Over a fifteen-year period from 1798 to 1813, Jane Austen visited her wealthy brother Edward at Godmersham Park on six occasions, for a total of about ten months. Eight years her senior, he was the most fortunate of her six brothers. Adopted in 1793 by a rich, childless couple, Thomas and Catherine Knight, he subsequently became heir to all their estates, including Chawton House in Hampshire and Godmersham Park in Kent. In 1798, he and his growing family moved into Godmersham Park, a fine Palladian building dating from about 1732, which contained a large library in the east wing, added to the house in 1781. In 1812, on the death of his adoptive mother (his adoptive father had died in 1794), Edward and his family formally changed their name from Austen to Knight. As we know from her surviving letters written during her stays at Godmersham, Jane spent much of her time there in the library, reading, writing, and browsing the shelves.

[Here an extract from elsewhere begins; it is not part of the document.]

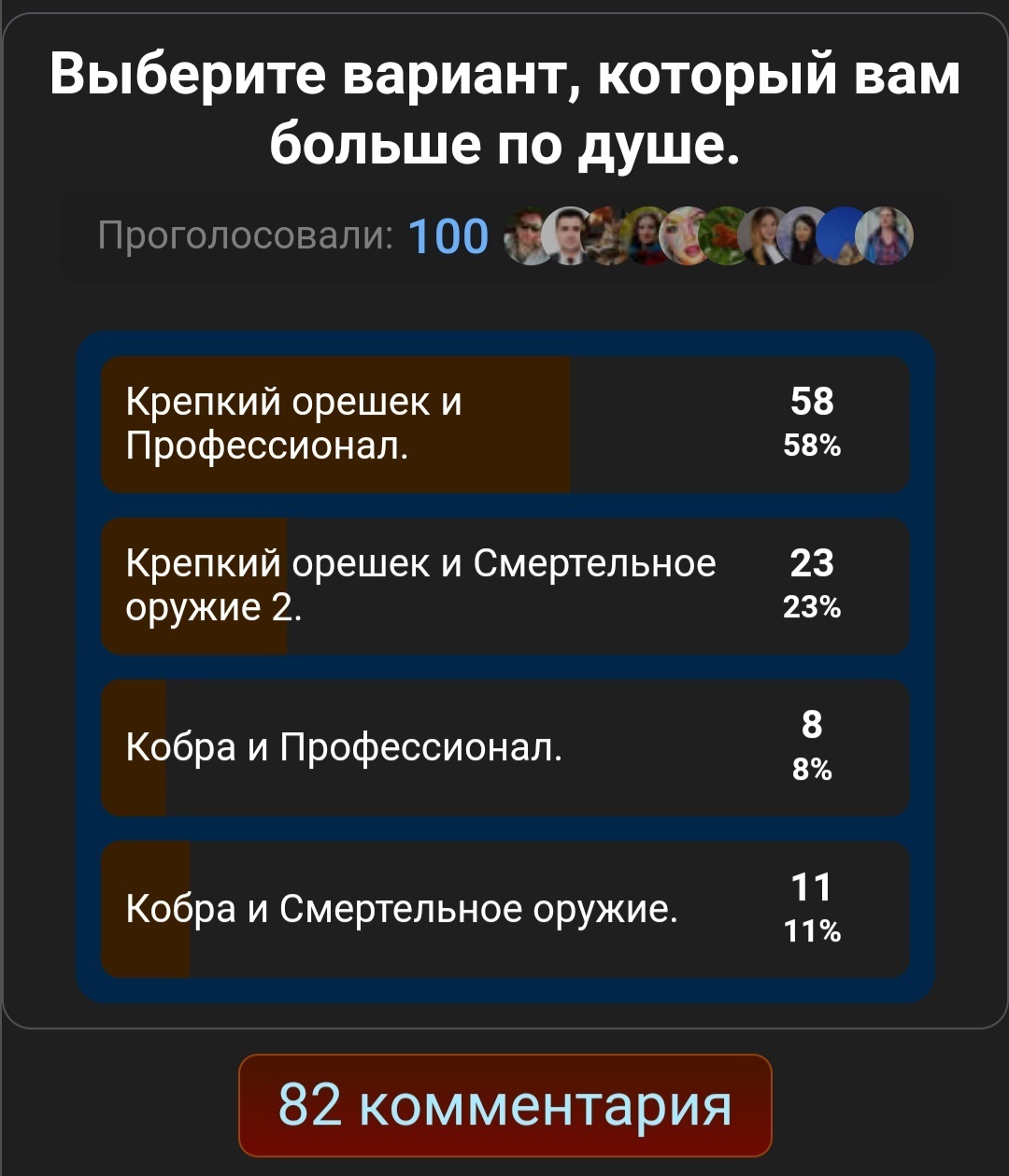 Киномания. Лучший боевик восьмидесятых годов. Версия сайта 9111. Плей-офф. 1/8 финала. Публикация 2 из 4-х
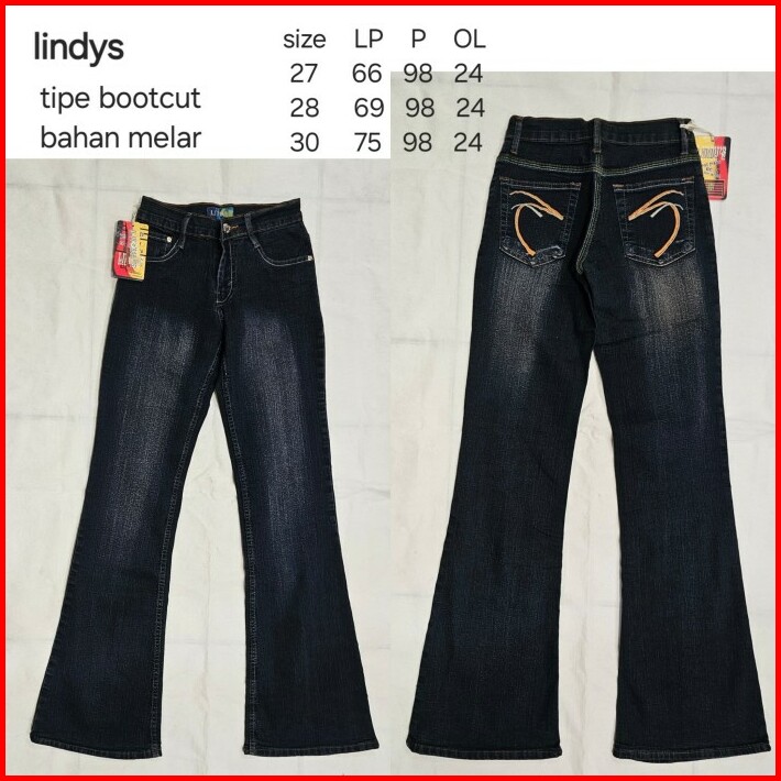 Celana Jeans Denim Wanita Cewe Bootcut Cutbray Biru Tua Washed Melar Stretch Murah Obral Size 28

Those shelves, regrettably, exist no more. Although the house survives in much altered form, the library has been turned into offices, and the three immense bookcases that it contained, each one about fifteen feet wide, were last seen in the 1920s. Happily, however, an invaluable guide to the contents of the library has survived: a two-volume catalogue compiled for Edward in 1818, just a year after Jane's death. It provides the titles of some 1,250 books, many in multivolume sets. Some five hundred of these titles, well over a third of the [End Page 441] total, are extant today, on loan to Chawton House from their present owner, Richard Knight, Edward's great-great-great-grandson. In addition, a considerable number of books have migrated over the years to various locations in the United Kingdom, the United States, Canada, and Australia. They can be identified by the presence of one of several bookplates used by members of the Knight family or by ownership signatures.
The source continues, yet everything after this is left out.